Content starts

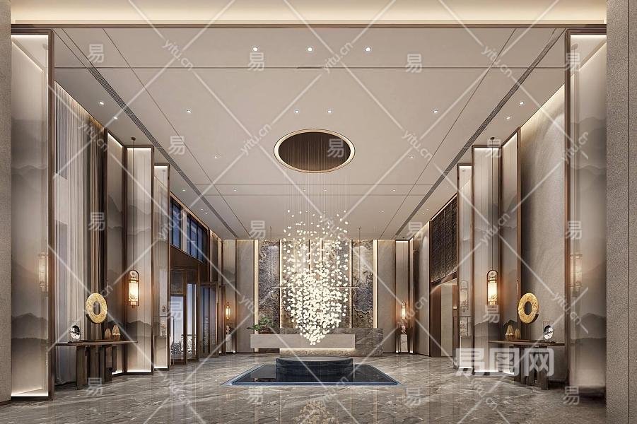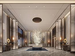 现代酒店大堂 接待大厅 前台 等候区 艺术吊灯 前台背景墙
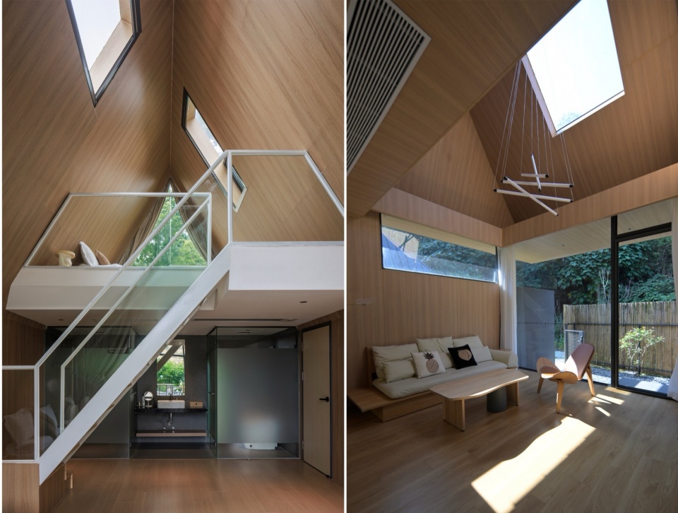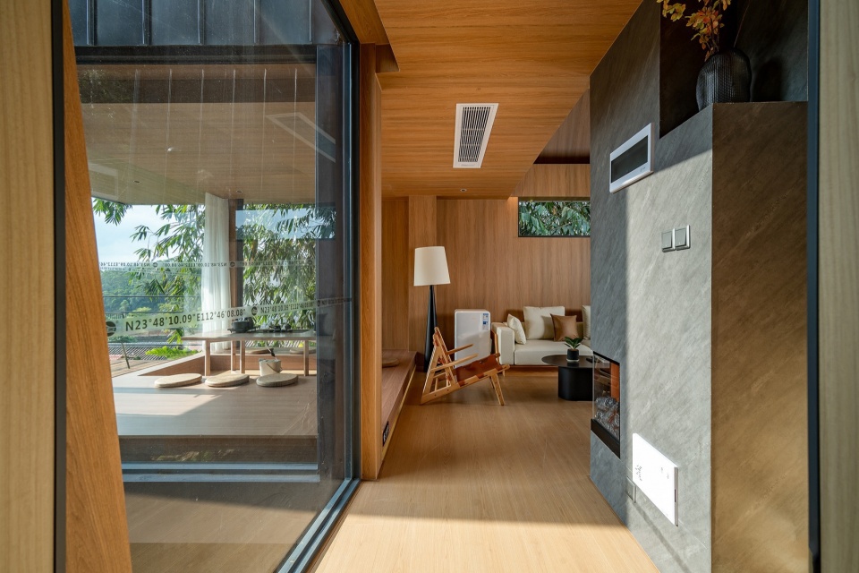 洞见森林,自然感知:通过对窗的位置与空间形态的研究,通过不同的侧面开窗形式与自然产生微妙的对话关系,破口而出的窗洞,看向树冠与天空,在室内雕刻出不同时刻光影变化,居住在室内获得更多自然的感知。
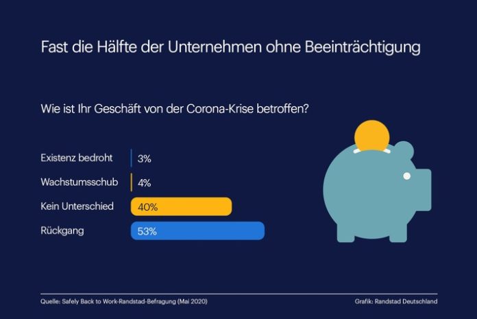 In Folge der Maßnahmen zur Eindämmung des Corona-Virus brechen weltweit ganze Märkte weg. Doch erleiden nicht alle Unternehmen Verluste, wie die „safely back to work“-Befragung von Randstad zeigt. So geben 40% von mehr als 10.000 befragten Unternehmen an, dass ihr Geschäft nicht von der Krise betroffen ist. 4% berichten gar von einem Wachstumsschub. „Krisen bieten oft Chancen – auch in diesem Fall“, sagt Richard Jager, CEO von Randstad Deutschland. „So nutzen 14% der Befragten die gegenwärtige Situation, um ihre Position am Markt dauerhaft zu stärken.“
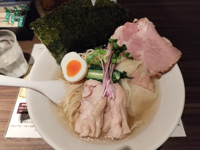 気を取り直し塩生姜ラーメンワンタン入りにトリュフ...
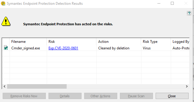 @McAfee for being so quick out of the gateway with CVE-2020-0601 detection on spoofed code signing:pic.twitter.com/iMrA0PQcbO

Content ends

Repeat each entry above exactly, passing over any images.

## Output of the task
 现代酒店大堂 接待大厅 前台 等候区 艺术吊灯 前台背景墙
 洞见森林,自然感知:通过对窗的位置与空间形态的研究,通过不同的侧面开窗形式与自然产生微妙的对话关系,破口而出的窗洞,看向树冠与天空,在室内雕刻出不同时刻光影变化,居住在室内获得更多自然的感知。
 In Folge der Maßnahmen zur Eindämmung des Corona-Virus brechen weltweit ganze Märkte weg. Doch erleiden nicht alle Unternehmen Verluste, wie die „safely back to work“-Befragung von Randstad zeigt. So geben 40% von mehr als 10.000 befragten Unternehmen an, dass ihr Geschäft nicht von der Krise betroffen ist. 4% berichten gar von einem Wachstumsschub. „Krisen bieten oft Chancen – auch in diesem Fall“, sagt Richard Jager, CEO von Randstad Deutschland. „So nutzen 14% der Befragten die gegenwärtige Situation, um ihre Position am Markt dauerhaft zu stärken.“
 気を取り直し塩生姜ラーメンワンタン入りにトリュフ...
 @McAfee for being so quick out of the gateway with CVE-2020-0601 detection on spoofed code signing:pic.twitter.com/iMrA0PQcbO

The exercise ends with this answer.